I have firewall rules in place that nobody but PiHoles can request name resolution. My Samsung smarTV trying to use Google DNS?? Blocked, PiHole takes over.
Devices trying to use DoT or DoH??? Blocked, PiHoles take over.
You can create dynamic firewall rule with OPNSense so it will only block 443 and 853 if the host match the list which is updated diary.
To make everything even better, OPNSense firewall makes sure no IoT can access the local network but I can access them like wireless printer, etc, and if I need to access anything while on road like my cat's cam or my Voron 3D printer camera, WireGuard VPN makes sure of that. No VPN equals no network access.

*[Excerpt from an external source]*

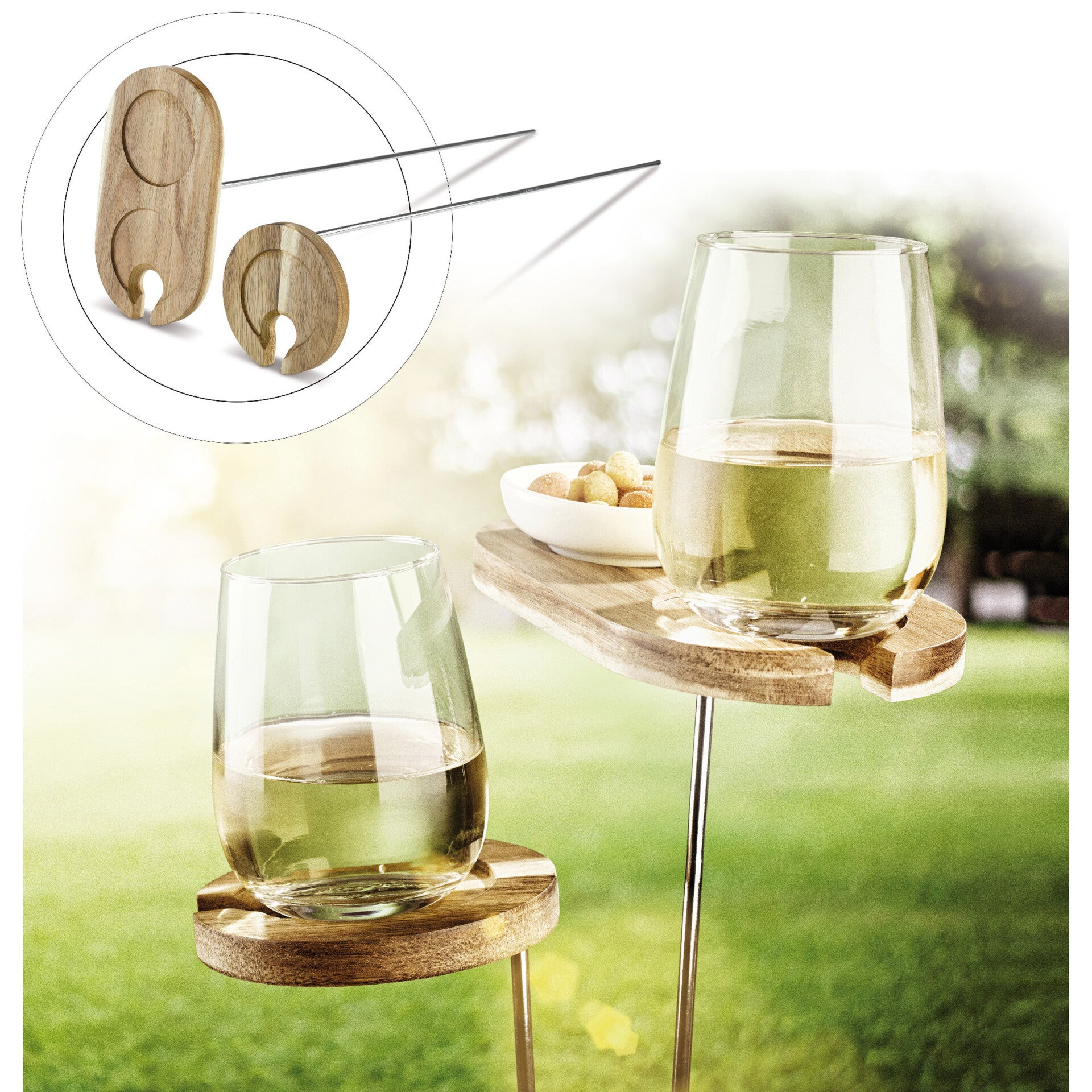 Steek de lange pinnen in de grond en plaats in of op de houten houder je glas en 1 van de pinnen heeft ook ruimte voor een schaaltje. Wordt in een geschenkverpakking geleverd.

It is just me and my devices, at the time of this writing:
* Domains on List: 500k
* Total queries: 43k
* Queries Blocked: 17k
* Percentage Blocked: 39%
I run GrapheneOS on my Pixel phone and very limited apps, I prefer web version. The apps themselves are fully controller and 99% of the access blocked. That is why I have a fairly low numbers after purging all the logs a few days ago.
How? I can see you only allowing some ports through the firewall, but presumably TCP 443 is one of those. According to Cloudflare [0] DoH uses that. What if Samsung uses that, or figures DoT on port 443 works better? Do you only allow specific destinations for these devices?
I actually use a similar setup, only I removed pihole and just use some lists in my opnsense's unbound (didn't notice much difference).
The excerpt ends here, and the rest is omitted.